A plurality of cleaning rollers 55 are provided so as to correspond
to the photosensitive drums 51 while being disposed adjacent to the
corresponding photosensitive drum 51. A cleaning bias, which will
be described later, is applied to the cleaning roller 55, whereby
toner adhering to the photosensitive drum 51 can be held
(recovered) by the cleaning roller 55.
The transfer unit 70 is provided between the feeder unit 20 and the
process cartridges 50 and includes mainly a driving roller 71, a
driven roller 72, a conveying belt 73 and transfer rollers 74.
The driving roller 71 and the driven roller 72 are disposed in
parallel while being spaced away from each other in the front-rear
direction, and the conveying belt 73, which is made up of an
endless belt, is provided to extend therebetween. The conveying
belt 73 has as an external surface thereof a belt surface 73A which
faces and makes contact with the photosensitive drums 51. This belt
surface 73A is caused to rotate by the driving roller 71 so that
the belt surface 73A moves along the direction in which the
photosensitive drums 51 are arranged.

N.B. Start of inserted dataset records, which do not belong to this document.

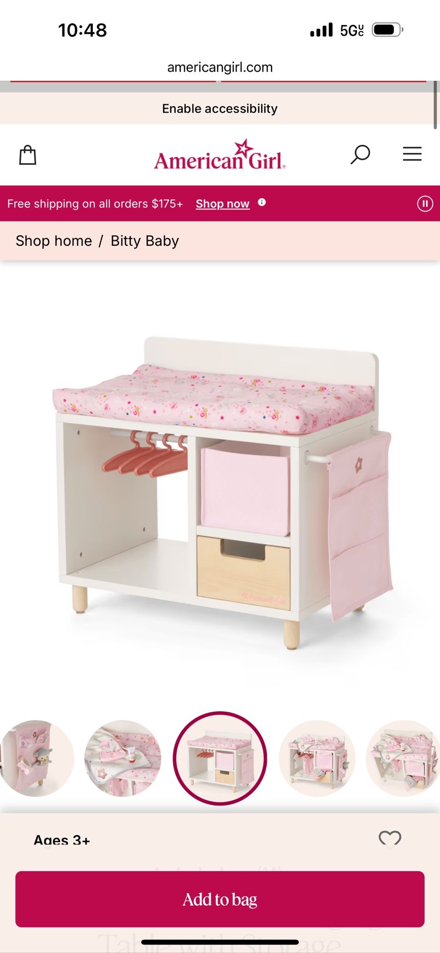Adorable “Dots & Blooms” Changing Table from American Girl – currently retails for $155! Includes: • Wooden changing table with built-in drawer • Floral & animal print changing pad • Dot-print felt bin + matching caddy • 4 hangers for outfits ✨ Gently used – excellent condition 🎀 Perfect for ages 3+ 🚭 From a smoke-free, pet-free home 📍Pickup at the 25th District Police Station parking lot (across the street) 💬 Asking $100 – open to best offer A great addition to any Bitty Baby collection!
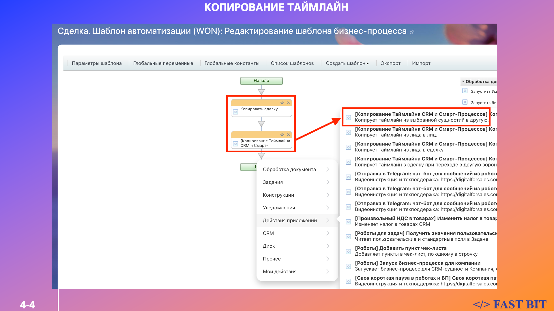 Копирование Таймлайн из элементов CRM и Смарт-Процессов.
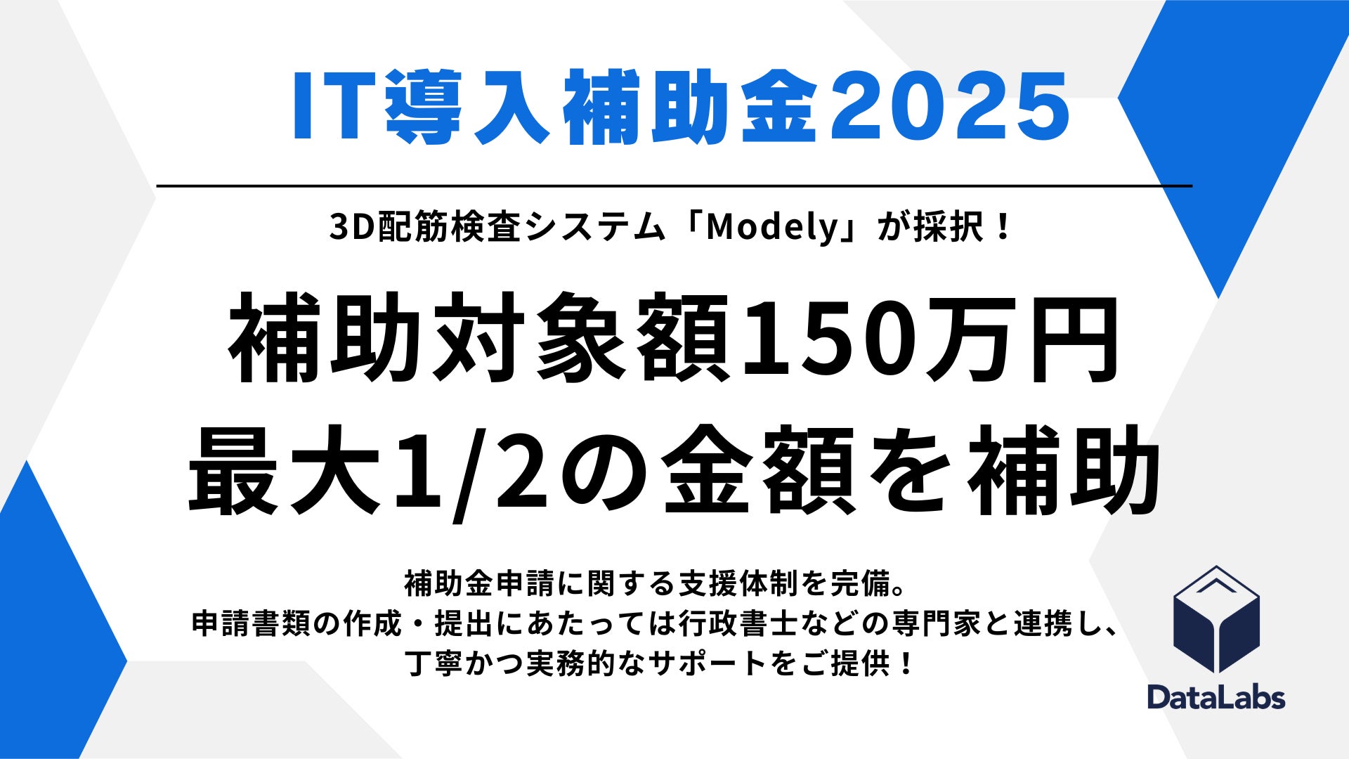 DataLabs株式会社(本社:東京都中央区、代表取締役:田尻 大介、以下「DataLabs」)が開発・提供する3D配筋検査システム「Modely」が、2025年度「IT導入補助金」において補助対象ITツールとして採択されました。あわせて、DataLabsはIT導入支援事業者にも認定されましたので、お知らせいたします。
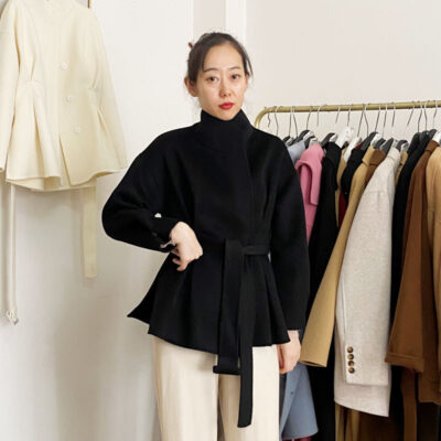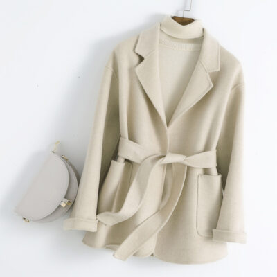 2022 Thu Đông Phối Dây Ngắn Rời Phối Len Phổ Biến 2 Mặt Cashmere Áo Khoác Ngắn
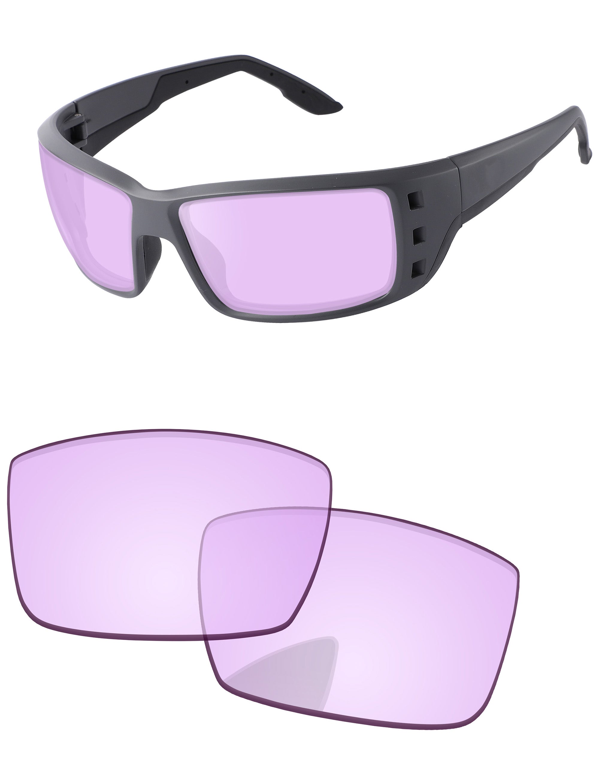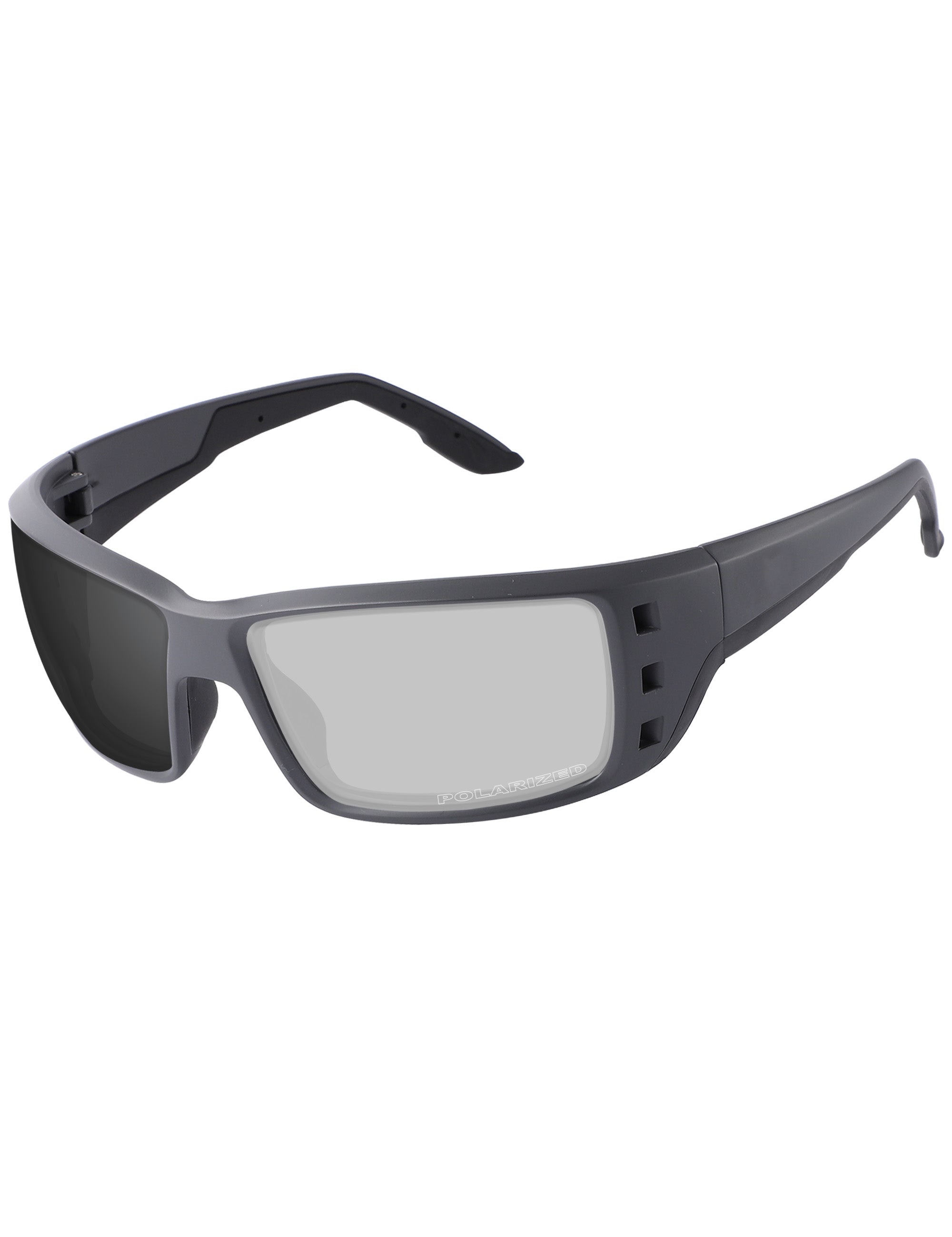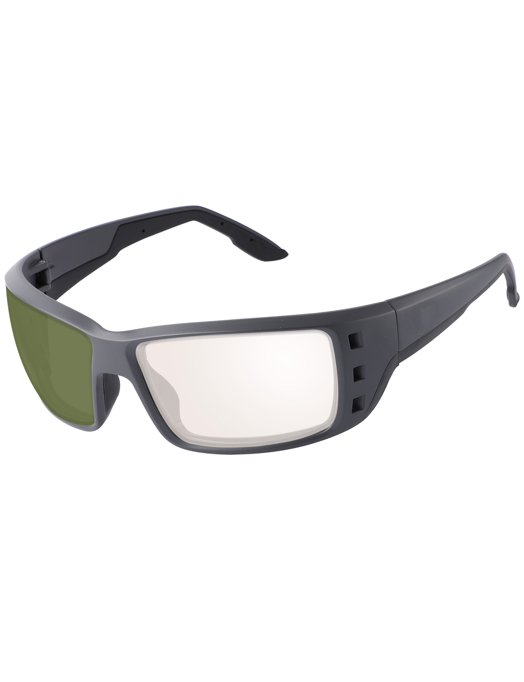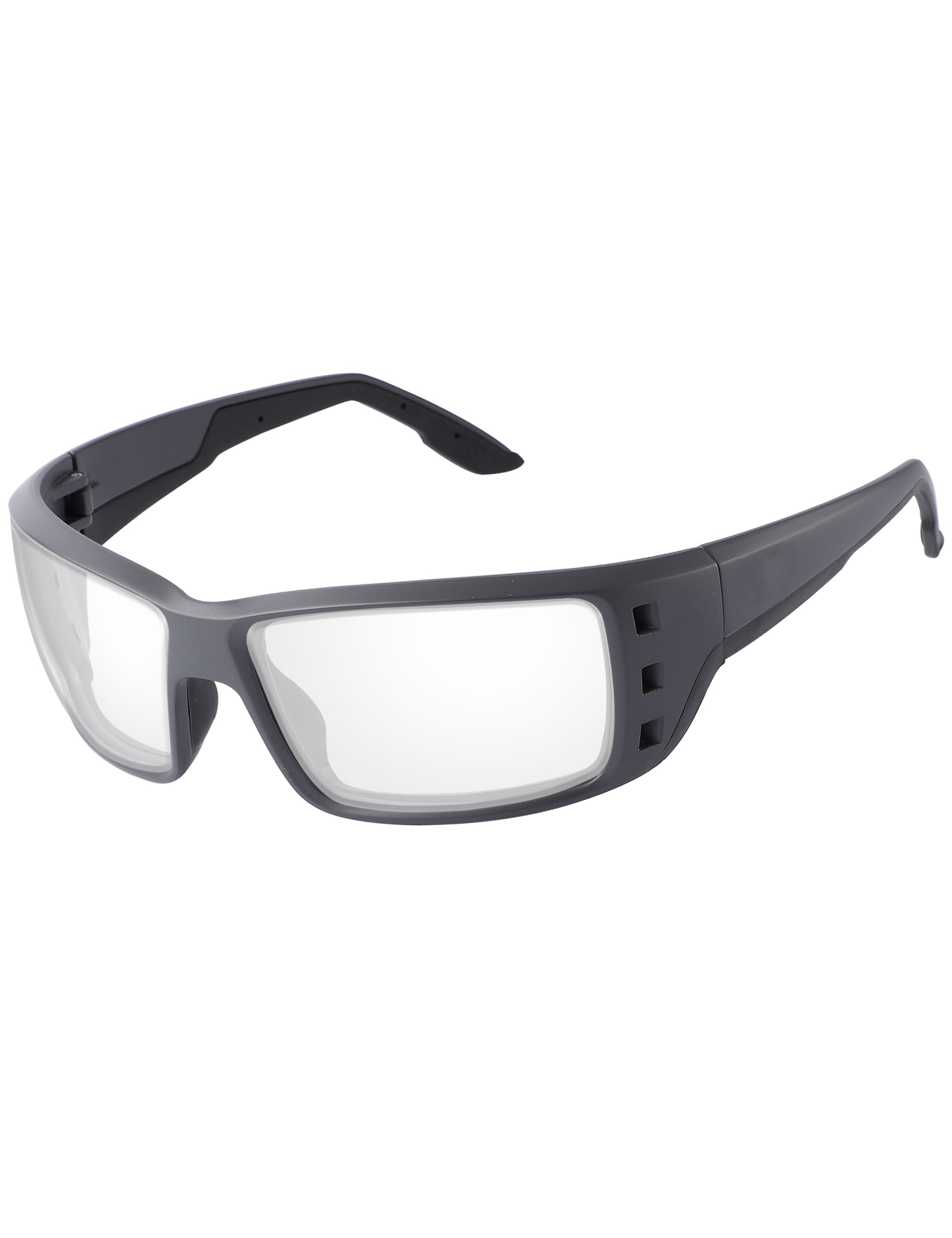 Gray photochromic lenses darken in direct UV light. Regular Transparent color indoors.

In addition, four transfer
rollers 74 are provided inside the conveying belt 73 so as to be
disposed to face the corresponding photosensitive drums 51 to
thereby hold the conveying belt 73 together with those
photosensitive drums 51. A transfer bias is applied to the transfer
rollers 74 by a constant-current control at the time of
transfer.
The belt cleaner 10 is a device adapted to be brought into sliding
contact with the conveying belt 73 so as to recover toner which
adheres to the conveying belt 73. The belt cleaner 10 is disposed
underneath the conveying belt 73. Specifically, the belt cleaner 10
includes a sliding contact roller 11, a recovery roller 12, a blade
13 and a waste toner accommodation container 14.

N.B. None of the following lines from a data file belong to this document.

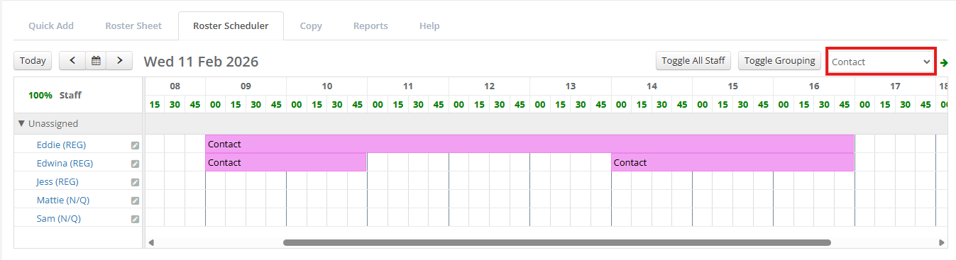 - At 2pm, we will once again use the drop down menu to select Contact. This will reflect the split working pattern and will the Roster Sheet will look to fill the remainder of the day with the chosen task.
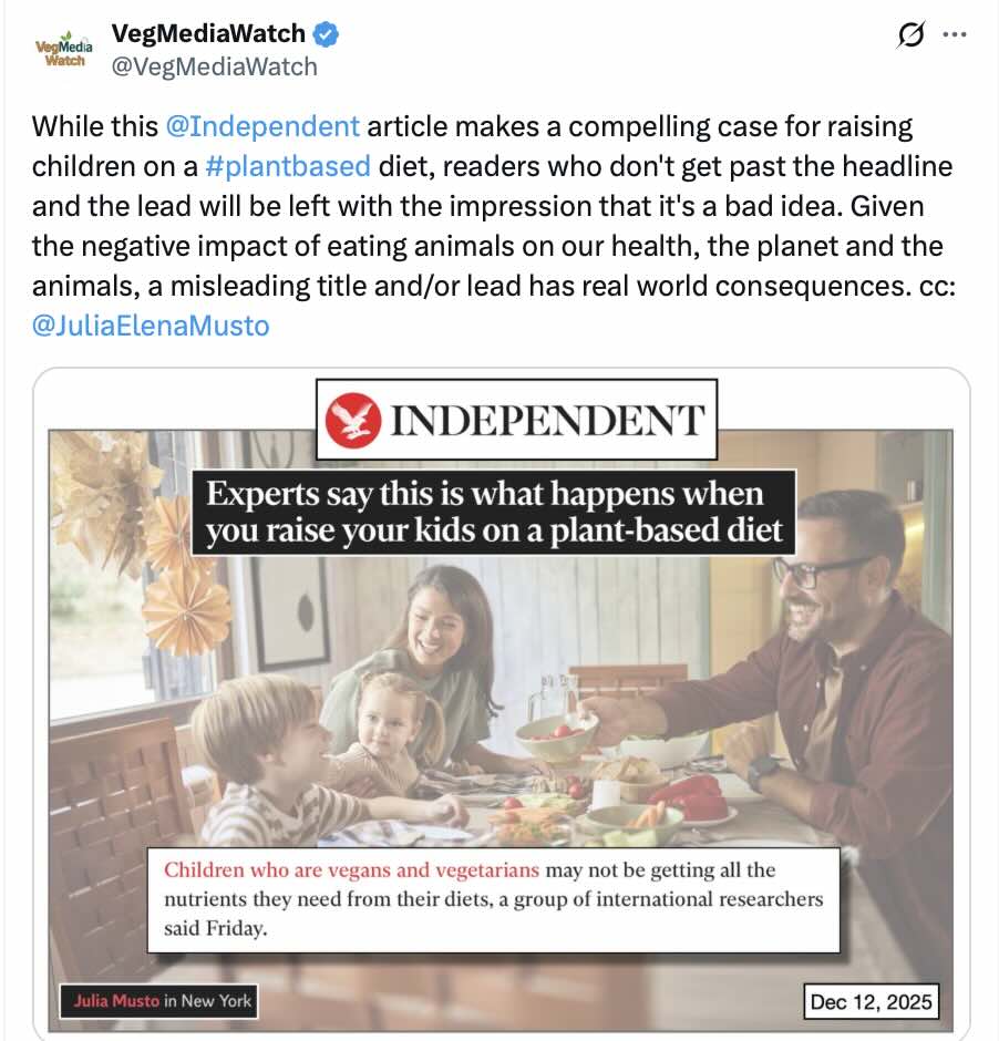 The Independent leads with an assertion that gives readers the impression that a plant-based diet is suboptimal for children: Instagram, Facebook, X, Threads, Bluesky, LinkedIn
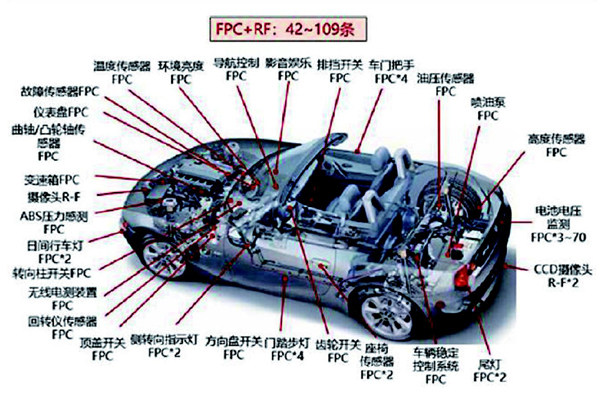 FPC全称是柔性电路板,它是以柔性覆铜板为基材制成的一种电路板,作为信号传输的媒介应用于电子产品的连接。过去FPC的增长主要来自消费电子行业,由于具备配线组装密度高、弯折性好、轻量化、工艺灵活等特点,符合下游电子行业智能化、便携化和轻薄化,2009年-2019年FPC产值不断增加。未来随着产业增长动能切换,电动化将是FPC需求最大的驱动力。 车载FPC需求大 过去FPC主要驱动力在消费电子,受
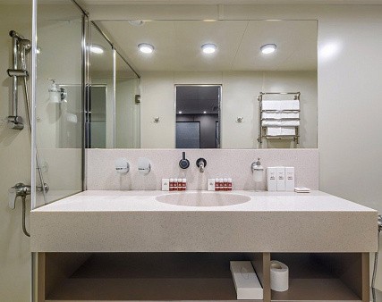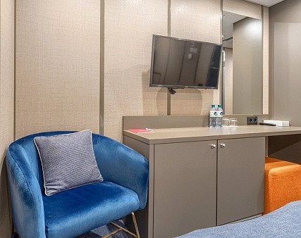 В каюте: две односпальные кровати (не сдвигаются), кресло, шкаф для одежды, пуфик, сейф, телевизор, холодильник, радио, обзорное окно, душ (душевая штора из водоотталкивающего материала или душевая стеклянная ширма), санузел, кондиционер, фен, электророзетка на 220V.

The sliding contact roller 11 is disposed so as to be brought into
contact with an outer circumferential surface of the conveying belt
73 and recovers matters adhering to the conveying belt 73 be a
recovery bias being applied between a back-up roller 15 disposed on
an inner circumferential surface of the conveying belt 73 and
itself.
The recovery roller 12 is a roller which is brought into sliding
contact with the sliding contact roller 11 and recovers the matters
adhering to the sliding contact roller 11. Then, the matters
adhering to the recovery roller 12 are scraped off by the blade 13
which is disposed so as to be brought into sliding contact with the
recovery roller 12 and enter an interior of the waste toner
accommodation container 14.
The fixing unit 80 is disposed at the rear of the process
cartridges 50 and the transfer unit 70 and includes a heating
roller 81 and a pressing roller 82 which is disposed so as to face
the heating roller 81 to thereby press the same roller 81.
In the image forming unit 30 configured in the way described above,
in the case of a color mode, firstly the surfaces of the
photosensitive drums 51 are uniformly charged by the corresponding
chargers 52 and thereafter are exposed by the corresponding LED
units 40. By this exposure, the electric potentials of portions of
the photosensitive drums 51 which are so exposed are decreased,
whereby electrostatic latent images based on image data are formed
on the photosensitive drums 51. Thereafter, toner images are
carried on the photosensitive drums 51 by positively charged toner
being supplied to the electrostatic latent images from the
developing rollers 53.
By a sheet P that is fed onto the conveying belt 73 passing between
the photosensitive drums 51 and the corresponding transfer rollers
74 which are disposed inside the conveying belt 73, the toner
images formed on the photosensitive drums 51 are transferred onto
the sheet P. Then, by the sheet P passing between the heating
roller 81 and the pressing roller 82, the toner images transferred
onto the sheet P are thermally fixed.
The sheet discharge part 90 includes mainly a discharge-side
conveying path 91 which extends upwards from an exit of the fixing
unit 80 to be turned to the front and a plurality of pairs of
conveying rollers 92 for conveying a sheet P. The sheet P on which
the toner images are thermally fixed is conveyed along the
discharge-side conveying path 91 by the pairs of conveying rollers
92 to be discharged out of the apparatus main body 2 for
accumulation in the sheet discharging tray 4.
<Control Unit>
Hereinafter, the control unit 100 will be described in detail.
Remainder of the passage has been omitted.